As might be expected from Dan OBannon, Hemoglobin/Bleeders is an interestingly complex, intelligent and well thought-out story, not unreminiscent in many ways of Edgar Allan Poes The Fall of the House of Usher (1839). Unfortunately, the film falls down due to dreary direction. The photography is drab, while director Peter Svateks pace drags almost nothing happens in the first half-hour, for instance. One can see that a number of sequences have been designed on paper in a way that could have had some shock impact had they been directed by someone with half an ounce of talent creatures snatching bodies up from underneath coffins, Roy Dupuis having to devour a dead foetus but Peter Svatek directs them with a dreary lack of event. Indeed, in the case of the dead foetus devouring, the camera censuredly looks away when it comes to the act of doing so, which is surely a criminal lack of nerve for a horror film. A sex scene between Roy Dupuis and Kristin Lehman has never seemed more pointless and gratuitously inserted. It is only during the climax with the survivors huddled in a lighthouse during a rainstorm shooting off the monsters as they clamber up the cliffs that Peter Svatek manages to rouse anything approaching mild tension.
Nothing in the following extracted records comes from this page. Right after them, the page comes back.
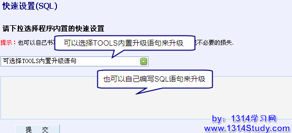 此功能适合高级用户,可以执行一些对数据库操作的 SQL 语句。书写SQL执行,不过请确保您知道该SQL的用途,以免造成不必要的损失。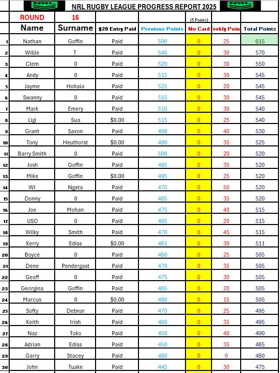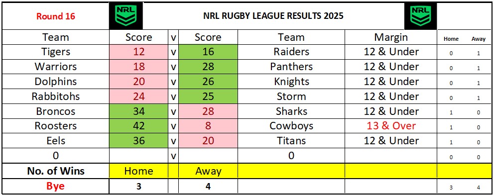 NRL Sports Tipping – Round 16 Weekly Draw & Results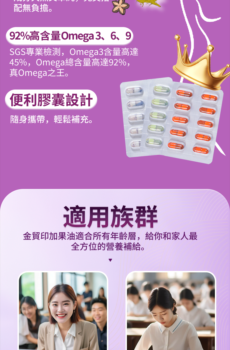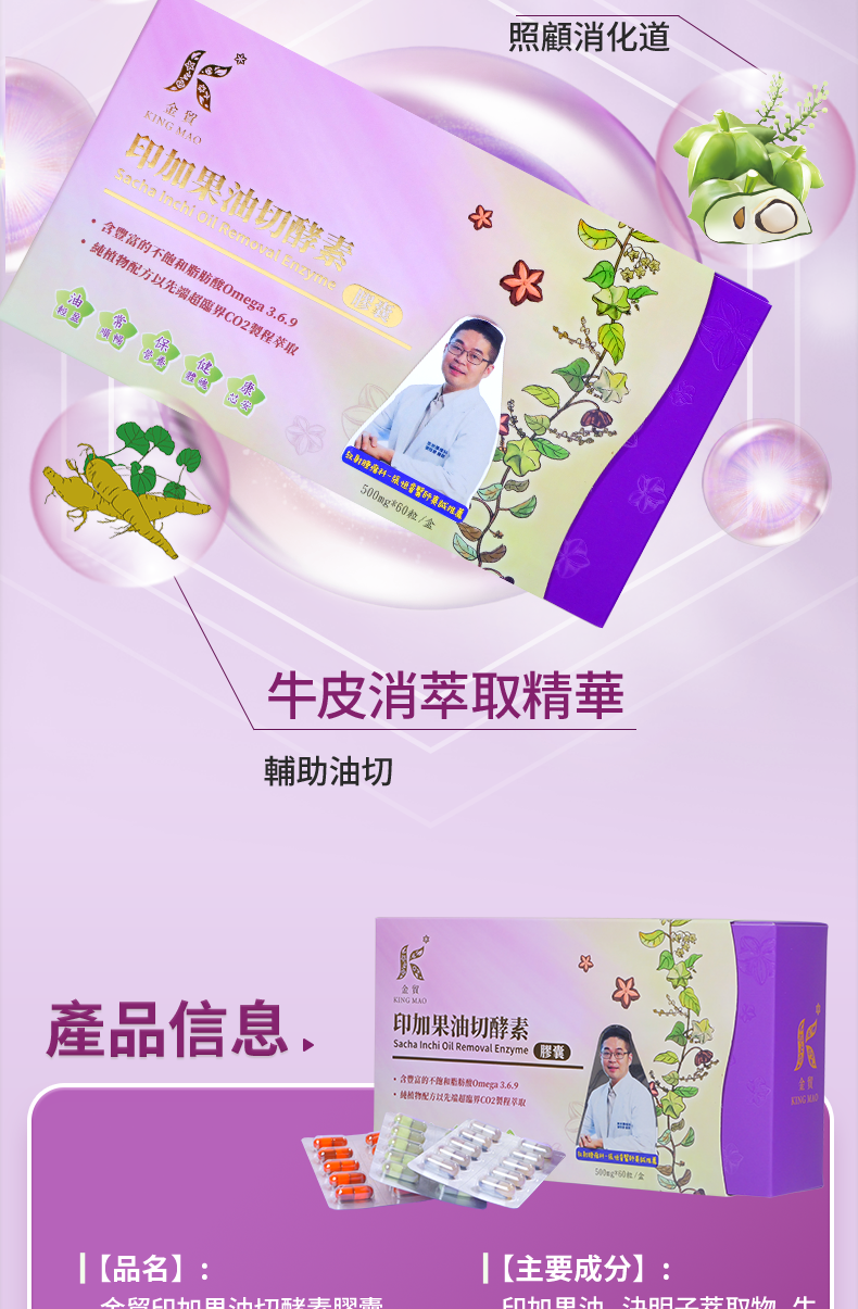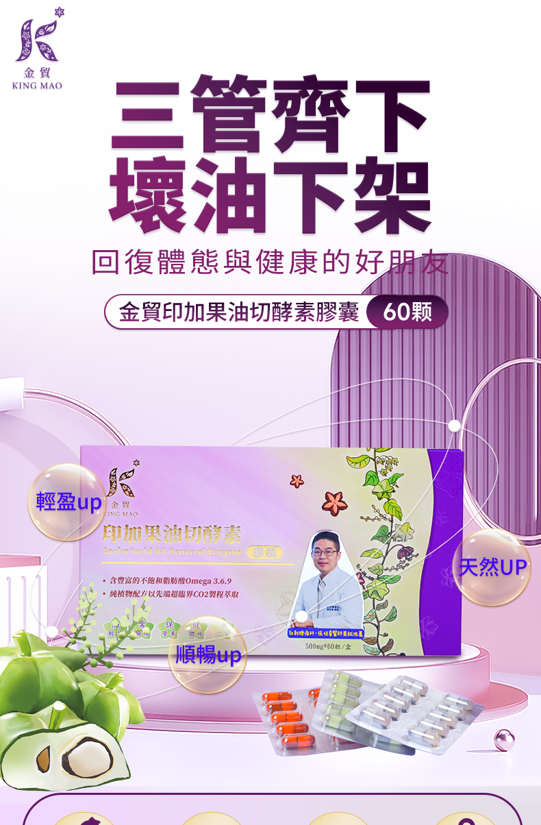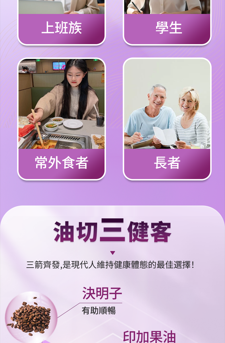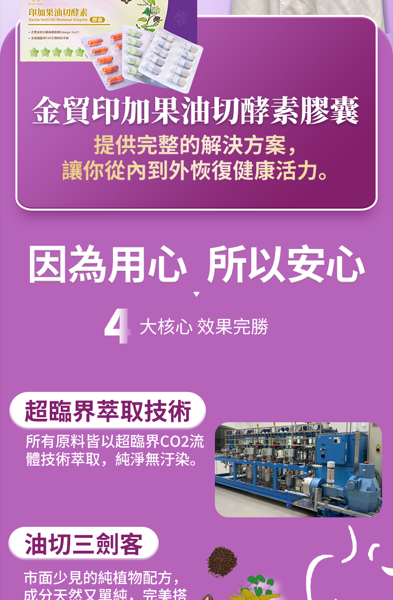 以超臨界高壓CO2氣體低溫萃取出的頂級印加果油再搭配、決明子、牛皮消萃取出的精華,組合成油切三健客。順腸解密讓您輕盈綻放自信的光采!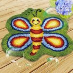 キッズ初心者向けラッチフックキット。蝶の形デザインのDIYクッションカーペット。サイズは50×50cmで、楽しく創造力を育むアイテムです。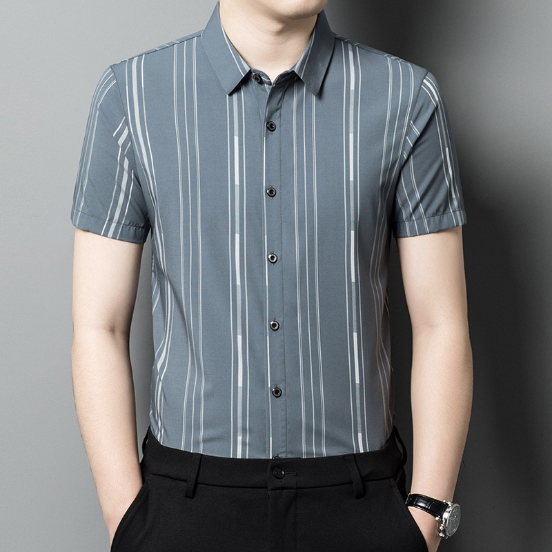 2024 여름 새로운 스트라이프 반팔 셔츠 남성용 젊은 및 중년 비즈니스 캐주얼 하프 슬리브 공식 셔츠 조수스토어 가기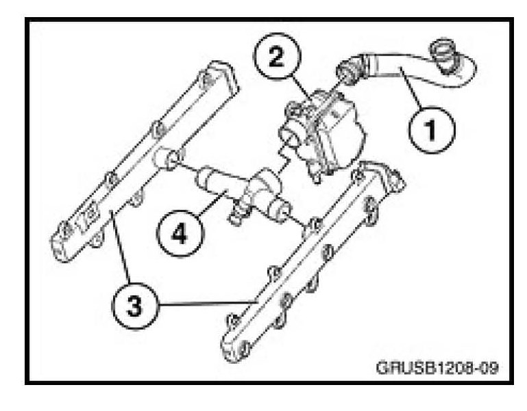 Remove and inspect the hose (1) located between the idle-air actuator and intake manifold. Remove and inspect the idle-air actuator (2). If debris is found, remove the debris, but do not replace the idle-air actuator. Remove and inspect both idle strips. If debris is found inside the idle strips, both idle strips must be replaced. Whenever rubber hose debris is found in the idle circuit, it will be necessary to replace the rubber hose (1) between the idle-air actuator and the intake manifold as well. The rubber hose (4) located between the idle strips should be inspected and cleaned; do not replace this item.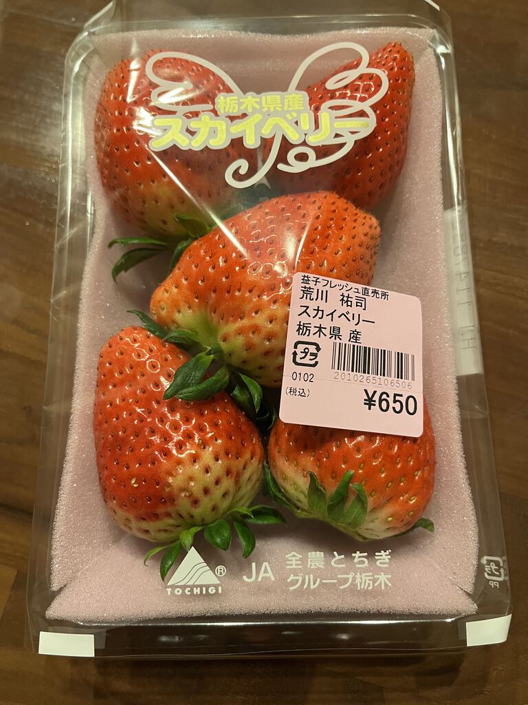 とちおとめ、とちあいか、スカイベリーと主力の栃木苺が沢山ありました。粒がツヤツヤで真っ赤!スーパーとは比べ物になりません!スカイベリー1パック¥650を購入。お家で美味しく甘いスカイベリー食べました。 (訪問:2023/02/05)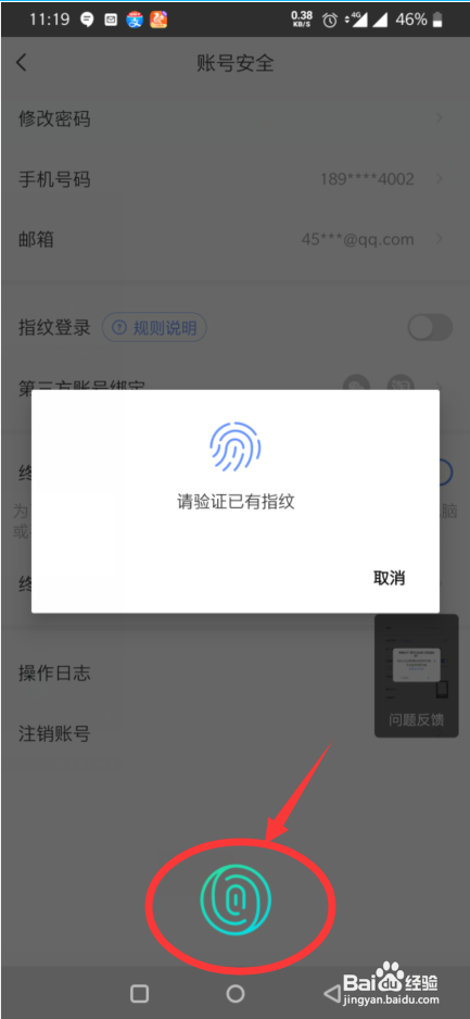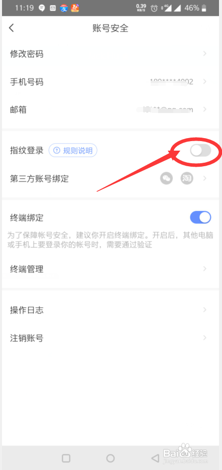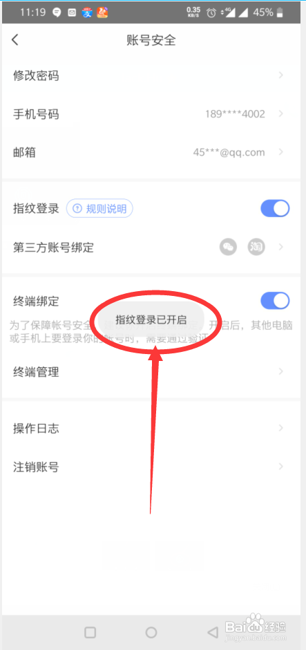 2/4点击“账号安全”,打开“指纹登录”右侧开关;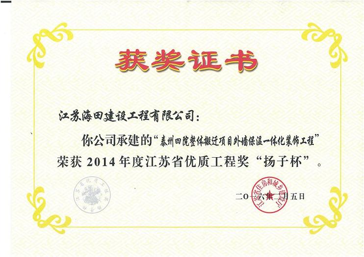 熱烈祝賀我司承建的泰州四院整體搬遷項(xiàng)目外墻保溫一體化工程被評(píng)為江蘇省優(yōu)質(zhì)工程獎(jiǎng)“揚(yáng)子杯”
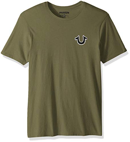 True Religion men’s classic logo Buddha tee features short sleeves, comfortable crew neckline, square hem, and slim fit. The iconic horseshoe logo is adorned on the left chest while the Buddha print is on the back.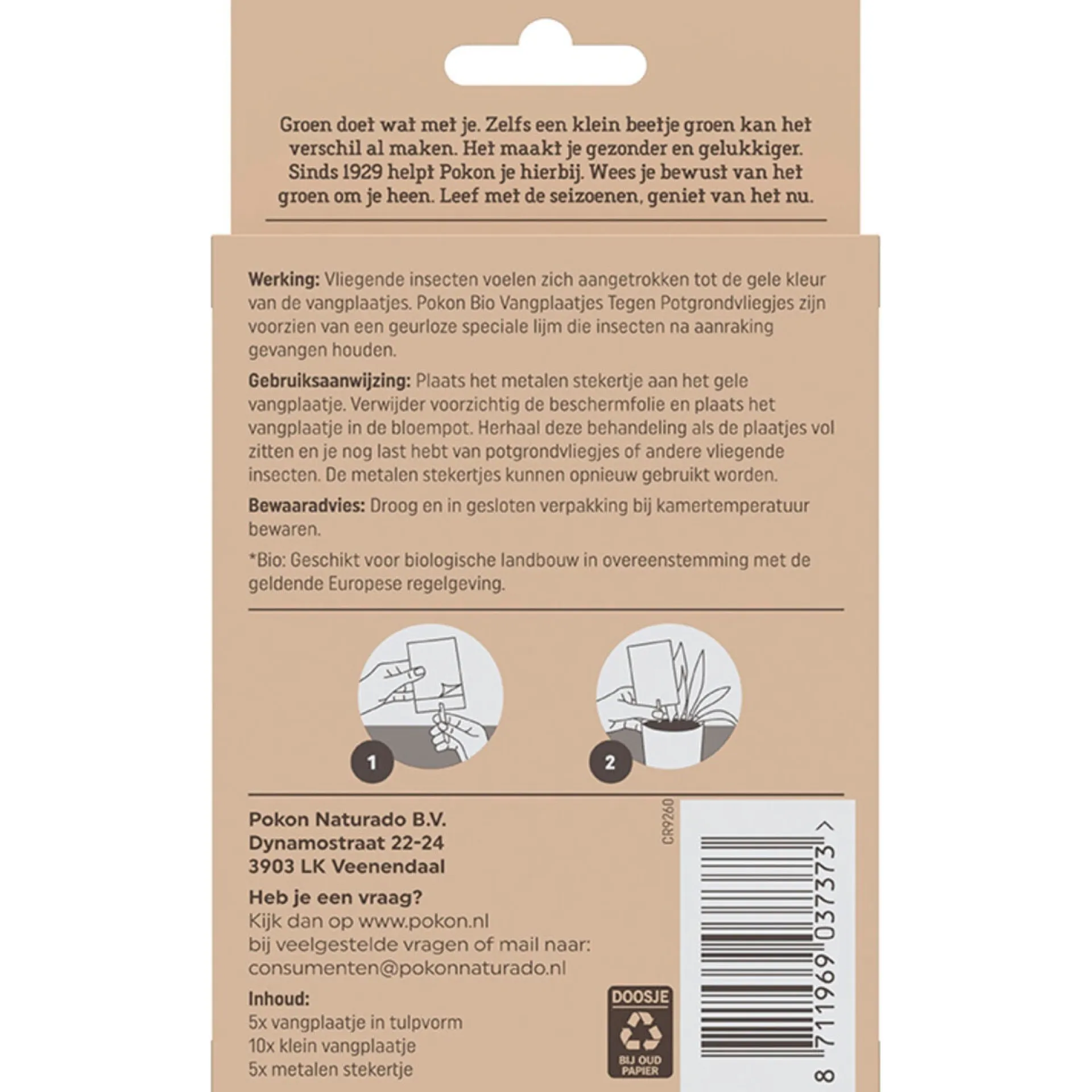 Effectief middel tegen potgrondvliegjes (rouwvliegjes), plagen die planten kunnen beschadigen. De vangplaatjes trekken de vliegen aan en vangen ze effectief, waardoor verdere verspreiding van de plaag wordt voorkomen. Veilig voor planten en huisdieren.
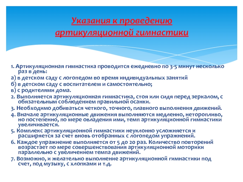 артикуляционной гимнастики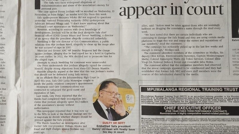 In a somewhat Kafkaesque turn of events, the Hawks have investigated Danny Jordaan, the President of SAFA. for R1.3 million fraud and theft for hiring a private security company for his personal protection, and a public relations company to defend him against rape claims, without authorisation from the SAFA board,” among other.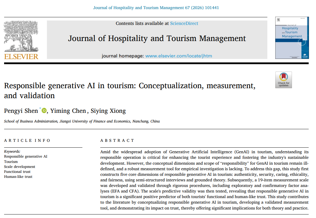 近日,江西财经大学工商管理学院2023级企业管理专业硕士生熊思颍作为第三作者,2023级博士生陈艺茗作为第二作者,其导师沈鹏熠教授作为一作的论文“Responsible generative AI in tourism: Conceptualization, measurement, and validation”在旅游管理国际权威期刊《Journal of Hospitality and Tourism Management》在线发表。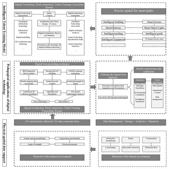Increasing urbanization and increased population density in cities lead to high demand for natural resources and ecosystem services [18]. Smart cities are regarded as an ideal solution for the digital development of cities to address resource scarcity, environmental pressures, and governance issues [19]. The development of smart city construction faces significant challenges from digital transformation, including the adoption of new technologies in multiple fields such as energy management, ICT, Internet of Things (IoT), big data, smart transportation, and urban governance [20,21,22]. Digital twin technology is also widely used in smart city construction, such as digital twin energy internet planning platforms [23], smart city stormwater infrastructure drainage systems [24], smart city power systems (including transportation system, smart grid and microgrid) [25], and underground smart parking lot environmental monitoring systems [26]. The digital twin technology concept is an important foundation for smart city construction and the coordinated development of energy systems and cities [23], and this technology concept requires engineering firms to optimize their technical processes and improve the comprehensive capabilities of their management and personnel in order to adapt to new demands. In fact, compared with the above basic requirements of smart city construction for talent cultivation, the derailment between universities and enterprises has led to the existing engineering education system being unable to meet basic talent delivery. Therefore, colleges and universities can utilize digital twin technology to carry out the teaching reform of engineering education courses in the context of smart city talent demand, combining with practice to enhance students’ application ability and knowledge level, including the application of teaching practice in the smart city park, in order to improve students’ employment channels.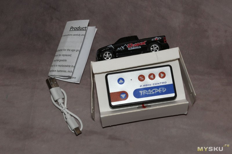 Вместе с пультом она винтами дополнительно закреплена на картонной подложке — чтоб точно раньше времени никуда не уехала. Также в коробке был зарядный кабель и инструкция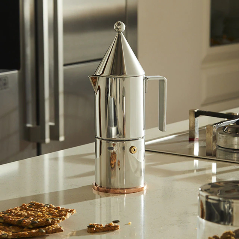 La conica, primo progetto di caffettiera espresso dell'architetto Aldo Rossi, nasce da un gioco di forme geometriche semplici che formano una mini architettura da tavola, dallo stile conciso ed elegante. Icona intramontabile, La conica ha il corpo in acciaio inossidabile e il fondo in rame: un oggetto ricercato, dalle essenziali linee geometriche che danno vita a uno strumento funzionale con il quale preparare e servire il caffè.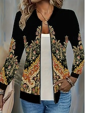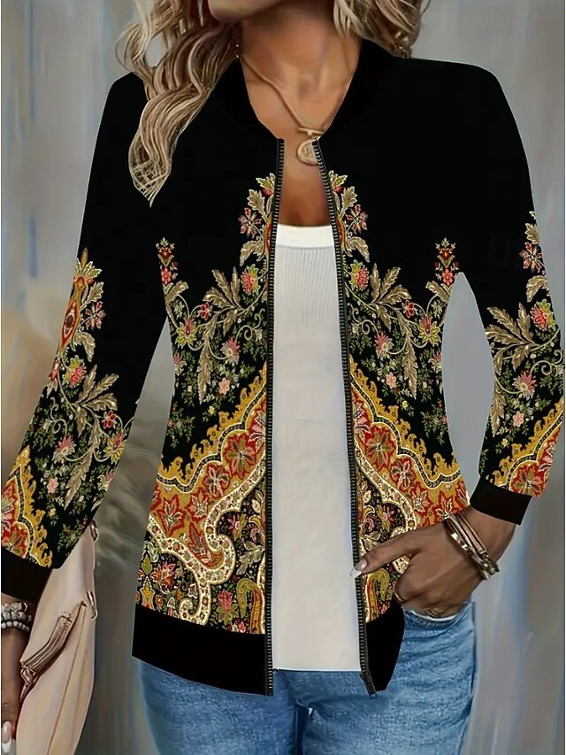 This Women's Casual Jacket Warm Quick Dry Zipper Pocket Elegant Fashion Daily Simple Floral Vacation Casual Daily Holiday Regular Baseball Collar Regular Fit Long Sleeve Outerwear Black Gold Black Dark combines elegant design with practical functionality. Every detail has been carefully considered to ensure you get the best possible experience. The high quality construction means this product will serve you well for years to come.
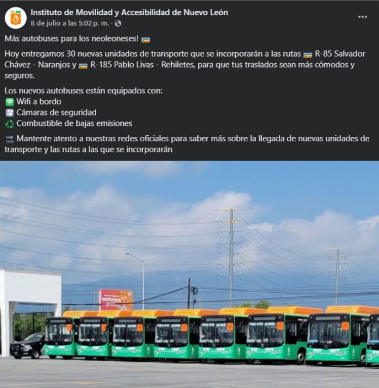 Fue el pasado 8 de julio cuando el gobernador Samuel García, encabezó un evento de entrega de 30 unidades nuevas: 20 para la ruta 85 y 10 para la ruta 185.

Director Peter Svatek had previously made Witchboard III: The Possession (1995) and Sci-Fighters (1996), although all of his work subsequent to Hemoglobin/Bleeders has been in television.
Screenwriter Dan OBannon also worked on Dark Star (1974) and the huge hit of Alien (1979). He subsequently turned in a series of excellent, cynical hard-edge genre scripts such as the zombie film Dead & Buried (1981), episodes of the adult animation anthology Heavy Metal (1981), the hi-tech helicopter action film Blue Thunder (1983), Tobe Hoopers soul-sucking alien vampire film Lifeforce (1985) and remake of Invaders from Mars (1986), and the Philip K. Dick adaptations Total Recall (1990) and Screamers (1995), as well as directing the zombie black comedy Return of the Living Dead (1985) and the H.P. Lovecraft adaptation The Resurrected (1992). Jodorowskys Dune (2013) details OBannons work as special effects director on Alejandro Jodorowskys failed adaptation of Dune (1965) in the 1970s.